Toxic Urbanism
previous research
Research by: Max Jarosz
In an increasingly toxic world where the average person’s body contains 29/35 of the toxins listed on the restricted and hazardous substance list, toxicity is unavoidable. There has always been a link between architecture and toxicity, starting with the earliest cave fires that traded oxygen for carbon monoxide in exchange for thermal comfort. That relationship has become increasingly complex as our material palette and production methods have evolved. This thesis aims to explore a methodology for understanding and representing the relationship between architecture and toxicity. The thesis re-imagines toxins to become active agents in design. Through the negotiation between hard and soft boundaries this work speculates on an architecture of gradients, densities, and velocities to produce temporal spaces of occupation.

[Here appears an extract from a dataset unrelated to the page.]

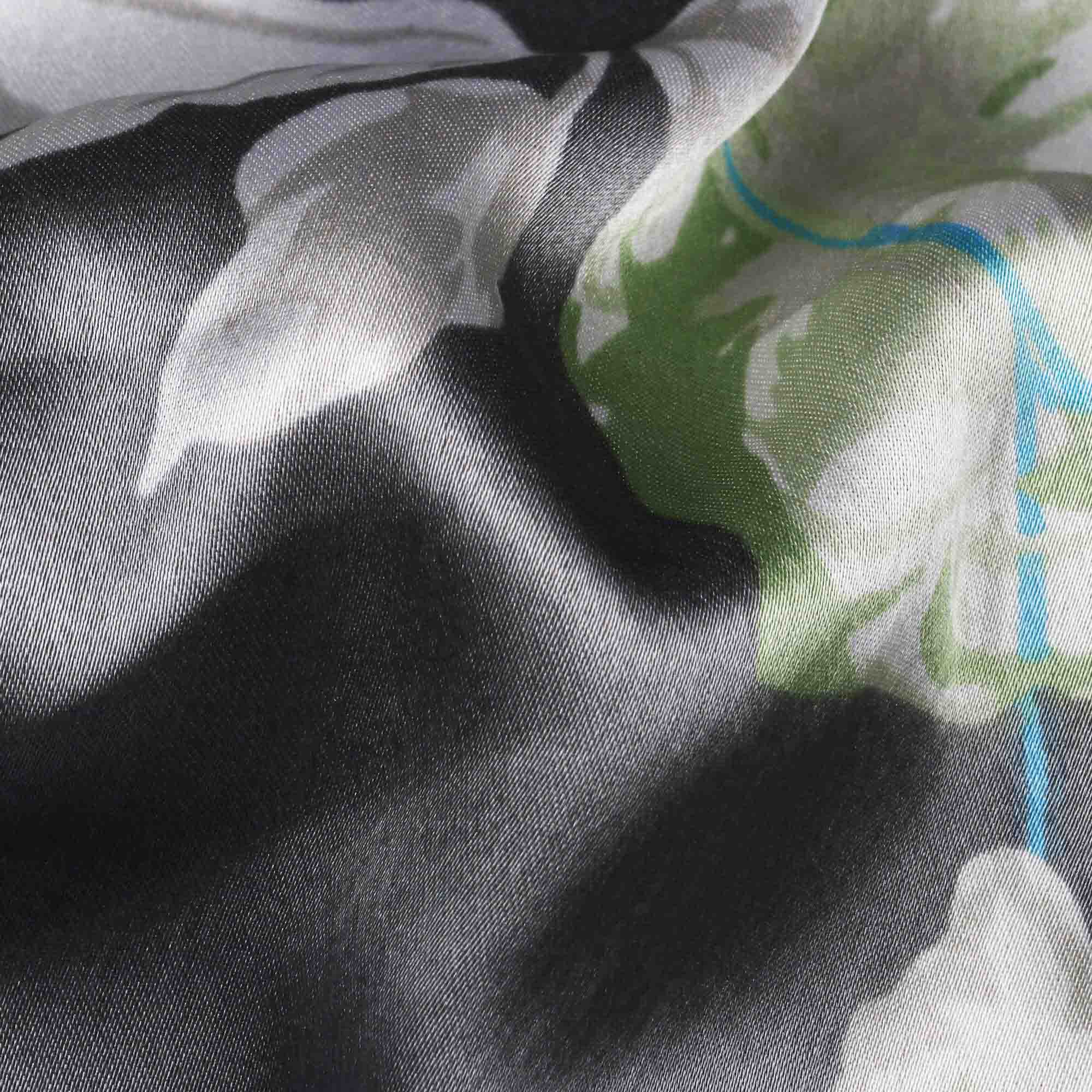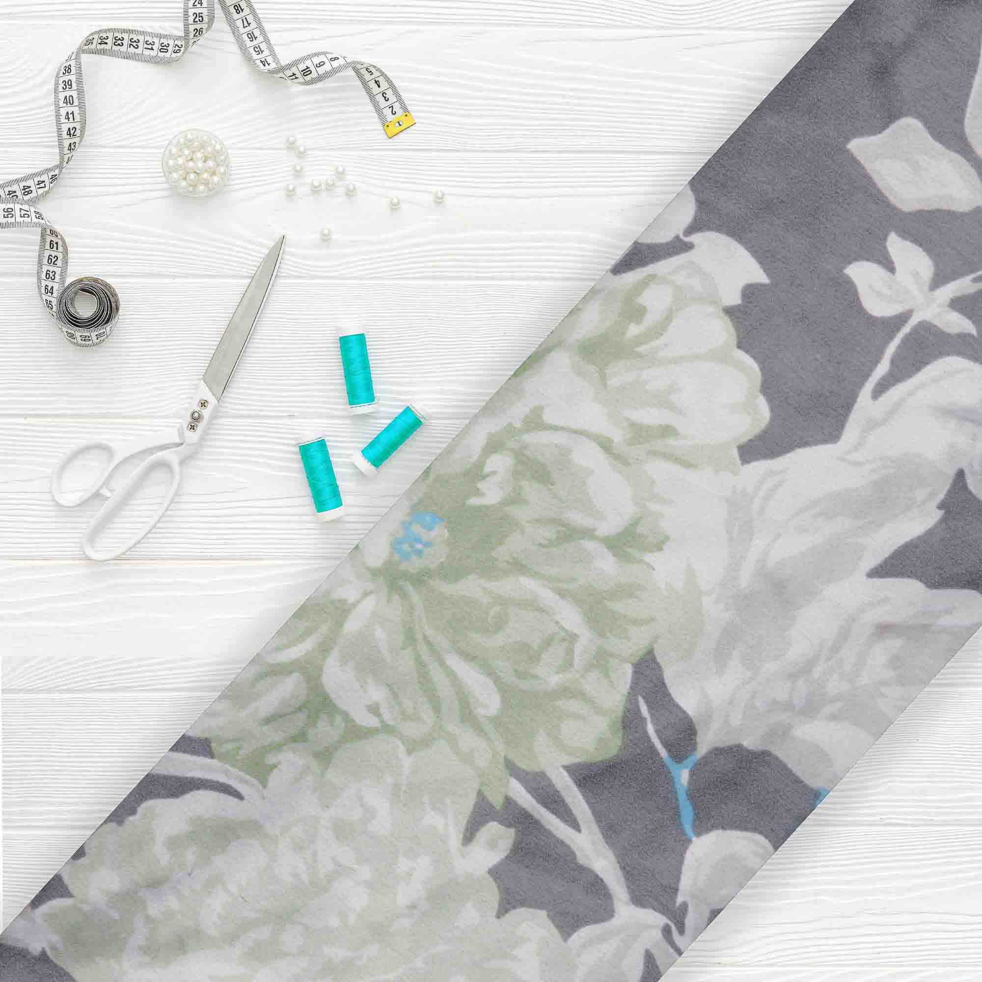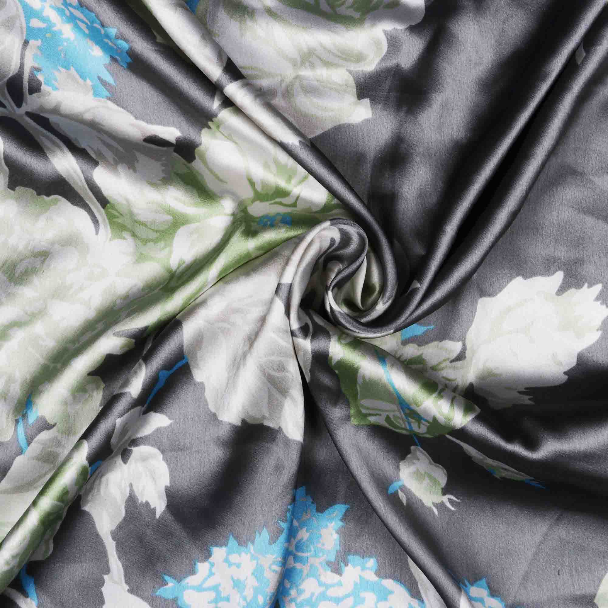 Grey And Off White Floral Pattern Screen Print Japan Satin Fabric

Looking through our history of toxicity, it is clear that our we are trending in an irreversible direction, yet we continue on. Each successive manufacturing wave produces a more toxic methodology of production that seems to be autonomously masked from its an increasing toxic waste. The project is structured through three stages hearth, heimatlosigkeit, and finally home. These three categories parallel the development of modern technical production. The early hearth that produced a cultural and technical center and ultimately becoming the metaphorical symbol of home. As it continued to evolve, smelting and energy production followed its transformation. As a result of modernization, a sense of homelessness that represents the feeling produced by the binary between our productive means and destructive methods of toxicity emerged. This thesis argues that architecture will once again produce our sense of home once it accepts that there will be no post-toxic future.
The year is 2024.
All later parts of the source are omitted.